BISMARCK, N.D. — The debate over the volatility of Bakken crude resurfaced during a public meeting on energy policy and transportation involving two presidential Cabinet officials and state leaders Friday in Bismarck.
U.S. Department of Energy Secretary Ernest Moniz and U.S. Department of Transportation Secretary Anthony Foxx spoke before a crowd of more than 200 people at Bismarck State College’s National Energy Center of Excellence.
The meeting was one of several scheduled across the country this summer as part of President Barack Obama’s first-ever Quadrennial Energy Review. It is meant to review issues considered to be most critical in developing a national policy for energy infrastructure.
All three members of North Dakota’s congressional delegation and Gov. Jack Dalrymple participated in a discussion.

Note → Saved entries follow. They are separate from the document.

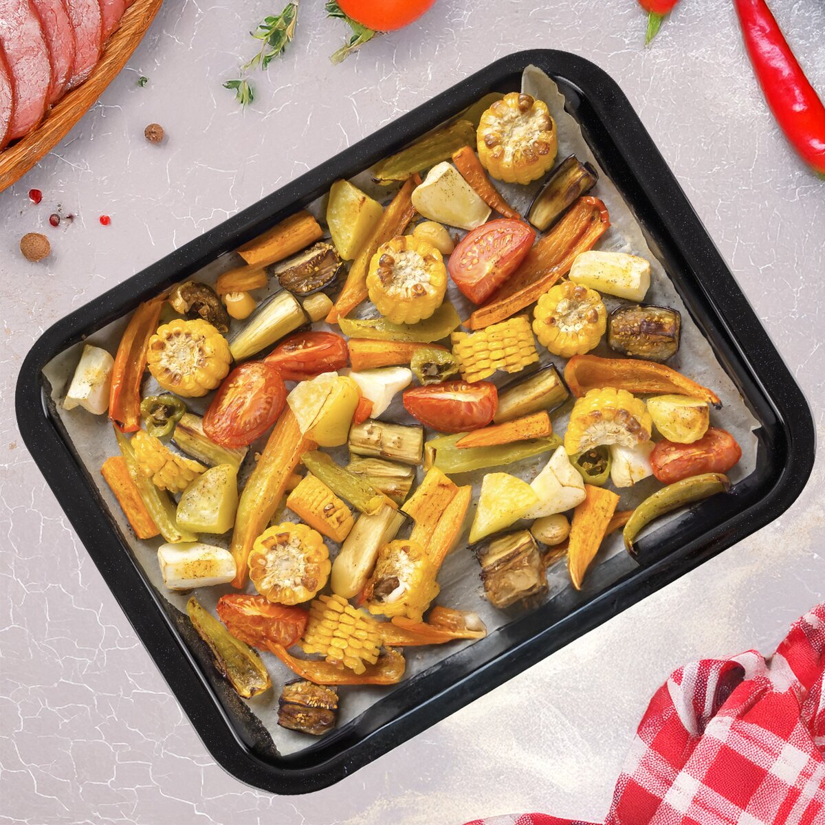 Plech na pečenie so smaltovaným povrchom používali už naše babičky a aj naďalej má v kuchyni svoje stále miesto. Smalt je sklovitý materiál na báze roztaveného skla, ktorý je zdravotne nezávadný a neuvoľňuje žiadne škodlivé látky do potravín. Je odolný voči kyselinám, zásadám aj vysokým teplotám, čo z neho robí ideálnu voľbu na pečenie v rúre. Hladký povrch plechu sa ľahko čistí, neabsorbuje pachy ani chute a má dlhú životnosť.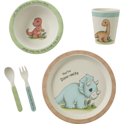 Precious Moments Porcelain China Dinnerware SetLearning to eat like a big kid is dino-mite. Make mealtime a Jurassic adventure for a little one learning to navigate a new world of independent eating. This 5 piece set includes a plate, bowl, cup, fork, and spoon. Adorable dinosaurs and sweet sayings adorn this durable dinnerware making mealtime fun for them and worrPrecious Moments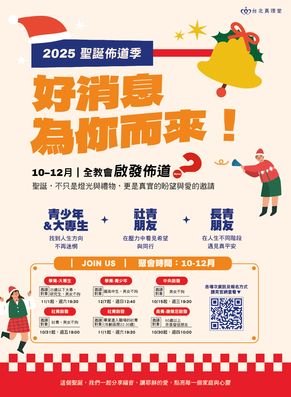 讓我們一起代禱、邀請、陪伴,讓這個聖誕成為真理堂充滿果子與恩典的季節 🌟

Dalrymple, who’d signaled his intent to do so earlier this week during a North Dakota Industrial Commission meeting, questioned Foxx and Moniz on the issue of volatility of Bakken crude.
The DOT’s Pipeline and Hazardous Materials Safety Administration recently released a study saying Bakken crude was more volatile than other light crudes.
“We are curious why the recent studies released by the federal government have specifically named Bakken crude,” Dalrymple said.
The Industrial Commission received a report this week by Turner, Mason and Company and SGS Laboratories saying that it’s not more volatile.
“We’re seeing some light ends in the Bakken crude that suggest a higher level of volatility than we would see in typical crude. Of course, typical crude is a wide range of different other types of crude,” Foxx said in a press conference following the discussion.
Foxx added that further research is needed.
When Dalrymple was asked if he was satisfied with Foxx’s explanation, he sought to defuse the matter.
“I think we need to stop going around in this little circle,” Dalrymple said.
He said that they could probably agree that research shows the overall characteristics of Bakken crude are in the mid-range of light crudes.
Foxx, in his remarks to the audience, said with the volumes of North Dakota oil shipped by rail spiking dramatically in recent years, there is a need for more scrutiny.
“The oil is being transported over long distances. The risk level is higher than we’ve seen in other parts of the country,” Foxx said. “We’ve got to raise our game on safety.”
Moniz agreed that the energy review’s current focus on infrastructure was particularly relevant to North Dakota.
“The story of North Dakota is really quite remarkable,” Moniz said. “The prospects for energy in the United States are very robust.”
Sen. Heidi Heitkamp, D-N.D., said North Dakota’s spike in energy production has outpaced infrastructure. She said infrastructure expansion will be critical as the state continues to turn into a major hub of energy production.
“When we develop that energy we need to be able to move it,” Heitkamp said. “We need to build reliable grids.” Sen. John Hoeven,
R-N.D., made the case for a states-first approach to energy oversight, calling states laboratories of democracy.
“Let’s make them the laboratories of energy,” Hoeven said. “Give the states the lead role.”
Belfield resident Linda Weiss was one of several members of the public who was on hand to testify Friday.
Prior to her testimony Weiss said flaring, right of way and safety are concerns of many residents across western North Dakota. She feels that residents and land are taking a back seat in the context of the development.
She said some companies “don’t do their due diligence to plan the best route” for pipelines and pit landowners against each other at times.
Weiss said rail safety has become a major concern as small towns grapple with a lack of training for their emergency responders, which could be a huge issue in the event of a major spill or incident, like recent derailments in Quebec and near Casselton.
“What if something like Casselton or Quebec (happens)? There is no way any of these small towns are prepared,” Weiss said.